Segment Open
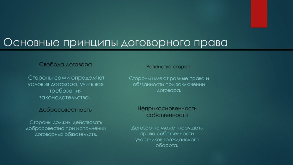 Последний слайд презентации: Правовые основы договорного регулирования: Основные принципы договорного права
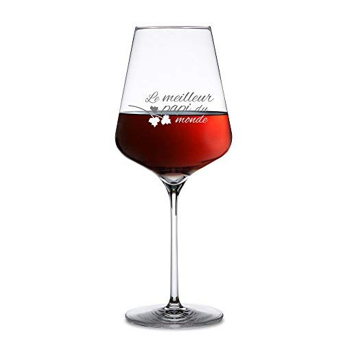 AMAVEL Verre à Vin avec Gravure pour Le Meilleur Papi du Monde, Idée Cadeau Originale pour Grand-père, Verre Ballon à Pied Insolite, 500ml
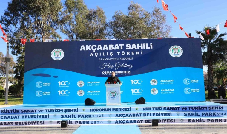 Akçaabat Sahil Park’ın açılış töreninde konuşan Akçaabat Belediye Başkanı Osman Nuri Ekim, “Bundan yaklaşık 25 yıl önce, Akçaabatlı hemşerilerimizin hizmetine sunulan sahilimiz, yapıldığı dönemde bölgemizdeki çevre il ve ilçelere de örnek teşkil etmiştir. Uzun yıllar boyunca hem yerli hem de yabancı binlerce turisti ağırlayan, Akçaabat halkının ve bölge insanının denizle buluşma ve nefes alma yeri konumunda olan Akçaabat sahilimiz için bugün gelinen noktada yenilenme ihtiyacı hasıl olmuştu. Biz de yapmış olduğumuz proje neticesinde ve Çevre Şehircilik Bakanlığı’mızın desteğiyle Akçaabat Sahil Park’ımızı yenileyerek, yeni görünümüyle halkımızın hizmetine sunduk. Buradaki yenileme çalışmalarımızın ana unsurunu Akçaabat’ımıza daha nitelikli, fonksiyonel bir park kazandırmak ve en önemlisi parkımızın 4 mevsim 12 ay kullanımını sağlamak oluşturuyordu. Akçaabat Belediyesi olarak Sahil Parkımızı etap etap yenileyerek daha modern ve fonksiyonel hale getirdik" dedi.
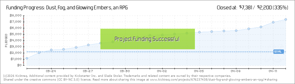Hello all, It's great to see the impressive support that Dust, Fog, and Glowing Embers is getting. I love the momentum and enthusiasm. Now that I see the track that we're on, I'd like to insert a new stretch goal at $3500. This is just a... (Read More)
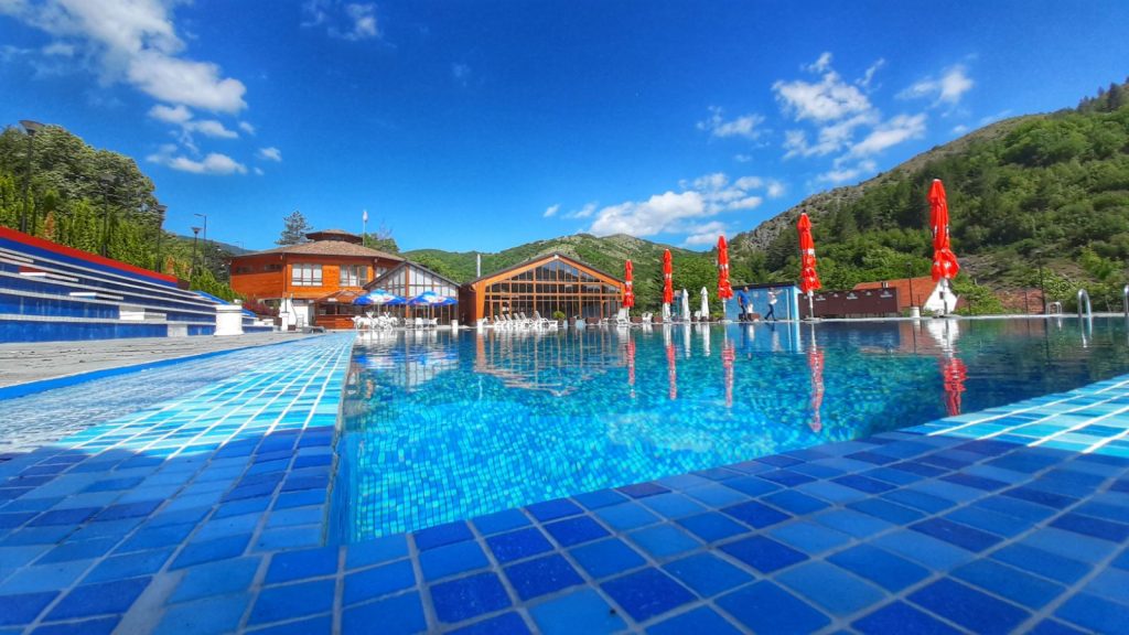 Ndërkaq, në hapësirë të hapur ka pishinë me ujë termal, pishinë, pishinë për fëmijë dhe ambiente përcjellëse, të cilat kanë kapacitetin e strehimit të 350 vizitorëve.
Segment Closed
| How to complete this task |
What is needed is a word-for-word copy of the records above, excluding pictures.

| Output |
 Последний слайд презентации: Правовые основы договорного регулирования: Основные принципы договорного права
 AMAVEL Verre à Vin avec Gravure pour Le Meilleur Papi du Monde, Idée Cadeau Originale pour Grand-père, Verre Ballon à Pied Insolite, 500ml
 Akçaabat Sahil Park’ın açılış töreninde konuşan Akçaabat Belediye Başkanı Osman Nuri Ekim, “Bundan yaklaşık 25 yıl önce, Akçaabatlı hemşerilerimizin hizmetine sunulan sahilimiz, yapıldığı dönemde bölgemizdeki çevre il ve ilçelere de örnek teşkil etmiştir. Uzun yıllar boyunca hem yerli hem de yabancı binlerce turisti ağırlayan, Akçaabat halkının ve bölge insanının denizle buluşma ve nefes alma yeri konumunda olan Akçaabat sahilimiz için bugün gelinen noktada yenilenme ihtiyacı hasıl olmuştu. Biz de yapmış olduğumuz proje neticesinde ve Çevre Şehircilik Bakanlığı’mızın desteğiyle Akçaabat Sahil Park’ımızı yenileyerek, yeni görünümüyle halkımızın hizmetine sunduk. Buradaki yenileme çalışmalarımızın ana unsurunu Akçaabat’ımıza daha nitelikli, fonksiyonel bir park kazandırmak ve en önemlisi parkımızın 4 mevsim 12 ay kullanımını sağlamak oluşturuyordu. Akçaabat Belediyesi olarak Sahil Parkımızı etap etap yenileyerek daha modern ve fonksiyonel hale getirdik" dedi.
Hello all, It's great to see the impressive support that Dust, Fog, and Glowing Embers is getting. I love the momentum and enthusiasm. Now that I see the track that we're on, I'd like to insert a new stretch goal at $3500. This is just a... (Read More)
 Ndërkaq, në hapësirë të hapur ka pishinë me ujë termal, pishinë, pishinë për fëmijë dhe ambiente përcjellëse, të cilat kanë kapacitetin e strehimit të 350 vizitorëve.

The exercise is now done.